= J. Richardson Dilworth =

American financial adviser

Joseph Richardson Dilworth (June 9, 1916 – December 29, 1997) was a leading businessman, best known for being a senior financial adviser for the Rockefeller family. He also served as a director at many other companies and financial institutions including Chrysler Corporation, Macy's, the Squibb Corporation. He was a member of both the American Academy of Arts and Sciences and the American Philosophical Society.

==Early life and career==

Dilworth was born on June 9, 1916, in Hewlett hamlet in Long Island, New York. His parents were Edith Logan Dilworth and investment banker Dewees Wood Dilworth. His uncle was politician Richardson Dilworth.

He attended the Buckley School in Manhattan and St. Mark's School in Southborough, Massachusetts. Dilworth graduated from Yale University in 1938, where he was a member of Skull and Bones, and the Yale Law school in 1942.

Dilworth served in the United States Navy during World War II. He was a partner of the investment bank Kuhn, Loeb & Co. from 1952 to 1958.

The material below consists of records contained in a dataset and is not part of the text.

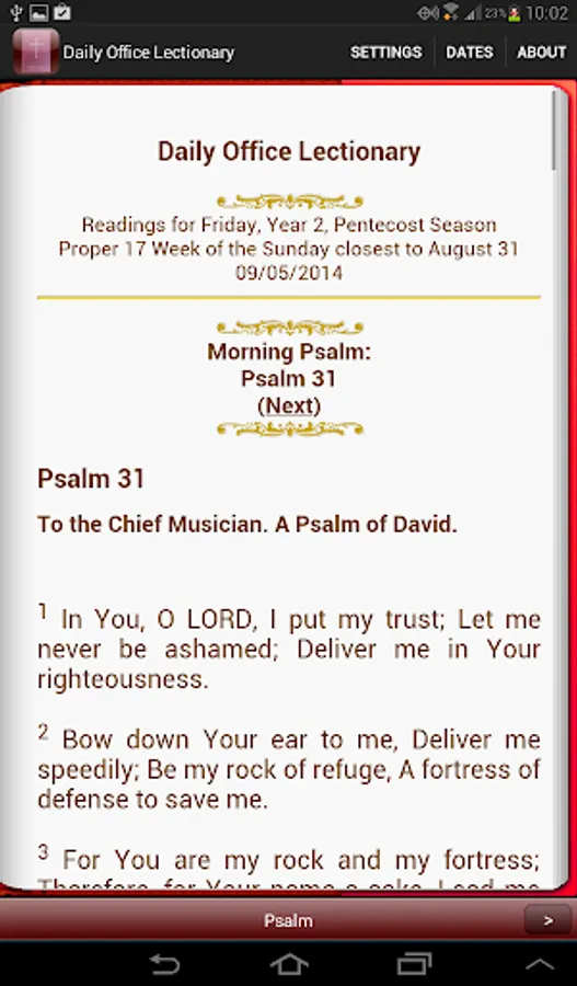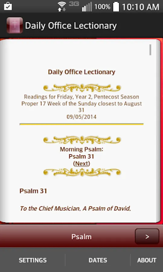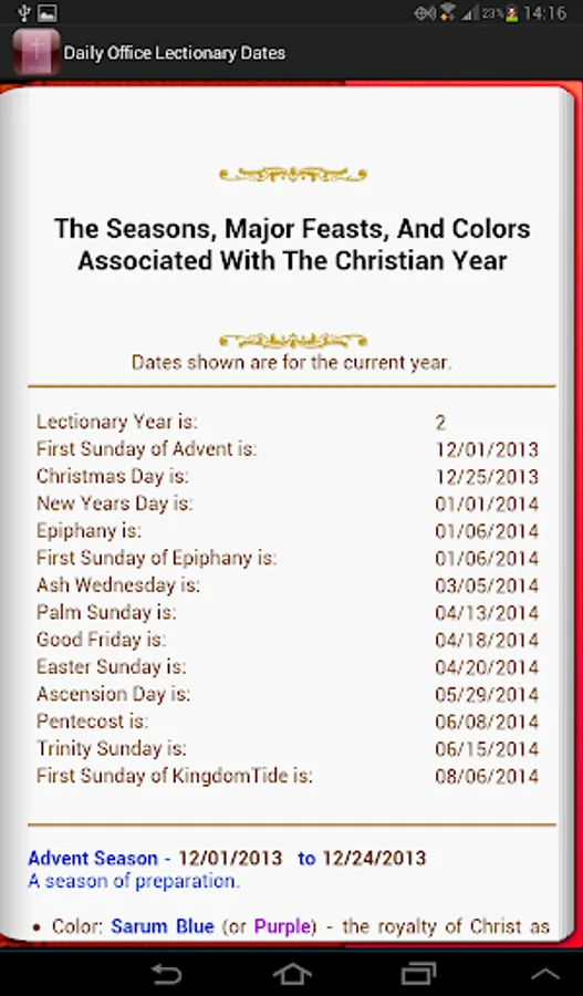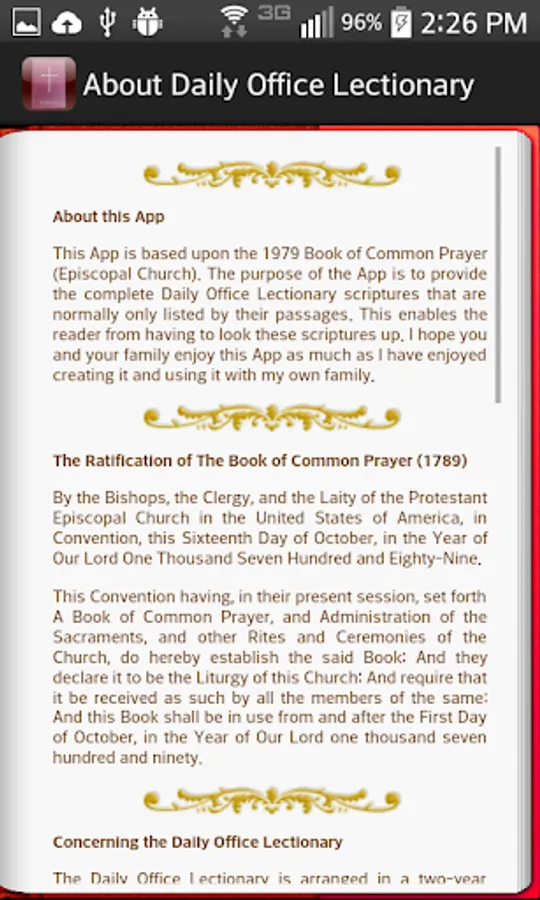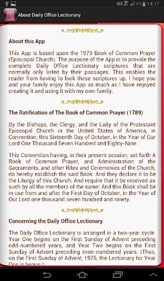 The purpose of this App is to provide the complete Daily Office Lectionary scriptures that are normally only listed by their passages. This enables the reader from having to look these scriptures up. I hope you and your family enjoy this App as much as I have enjoyed creating it for use with my own family.
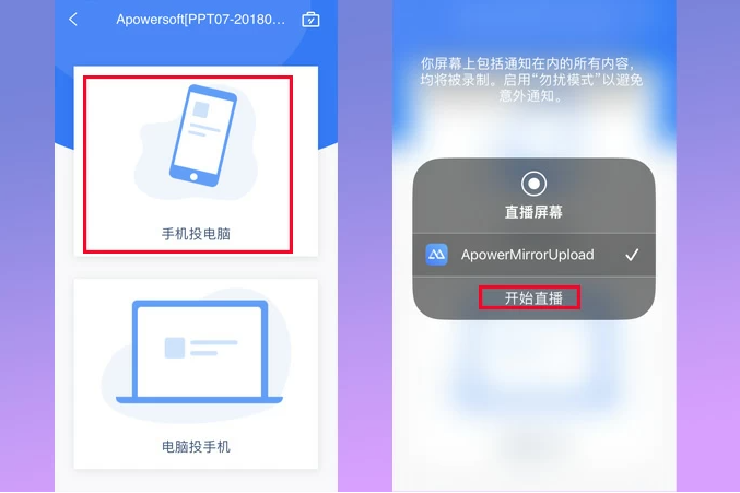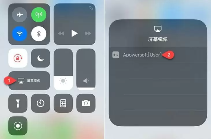 2、上滑/下滑打开控制中心,点击【屏幕镜像】,选择开头为Apowersoft的您的电脑设备,就可以看到苹果手机被投在电脑上了。
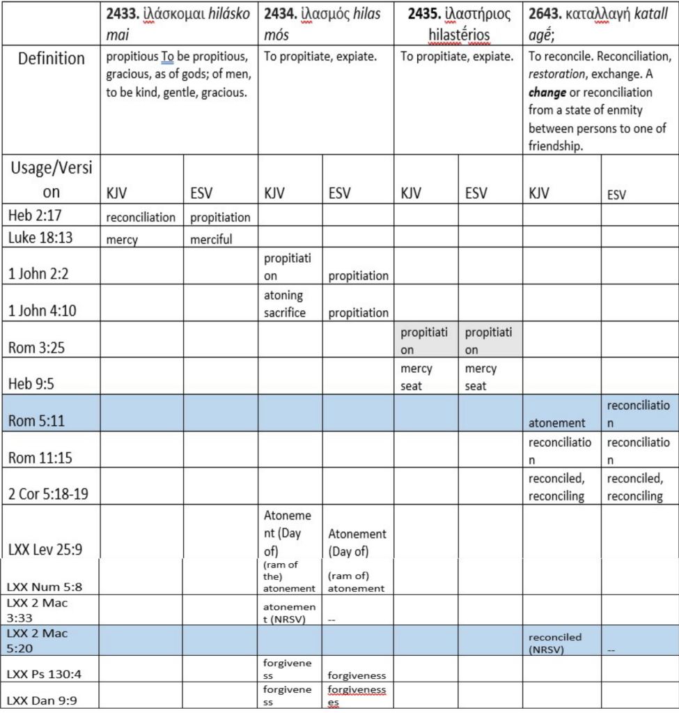 Notice that the KJV translates this word (καταλλαγή) as “atonement”, not “reconciliation”. Additionally, we have the case of Heb 2:17, where here the KJV renders a completely different word (ἱλάσκομαι hiláskomai) as “reconciliation” while the ESV has the more standard “propitiation”.

==Rockefeller Financial Advisor==

Dilworth is best known for being the leading manager of Room 5600, known now as Rockefeller Family & Associates, the family office of the Rockefeller family, situated on the 54-56th floors of the GE Building, 30 Rockefeller Plaza, in Rockefeller Center.

Beginning in 1956, he headed the family office and was the senior financial adviser to the family and its investments and philanthropic institutions for 23 years, retiring in 1981. During this time he also sat on the board of directors of the family-associated Chase Manhattan Bank and was a personal friend of its chairman, David Rockefeller.

In 1974 he came into public prominence when he appeared before the United States Congress during the confirmation hearings for Nelson Rockefeller's nomination by Gerald Ford for the vice-presidency; during his presentation to Congressmen he outlined the overall wealth of Nelson's family.

In his service for the six-generation dynastic clan, Dilworth served up until 1982 as the chair of the company that previously owned Rockefeller Center, Rockefeller Center Inc. (RCI), which is now the Rockefeller Group. He also sat on the boards of many other corporations, some of which were directly associated with the family.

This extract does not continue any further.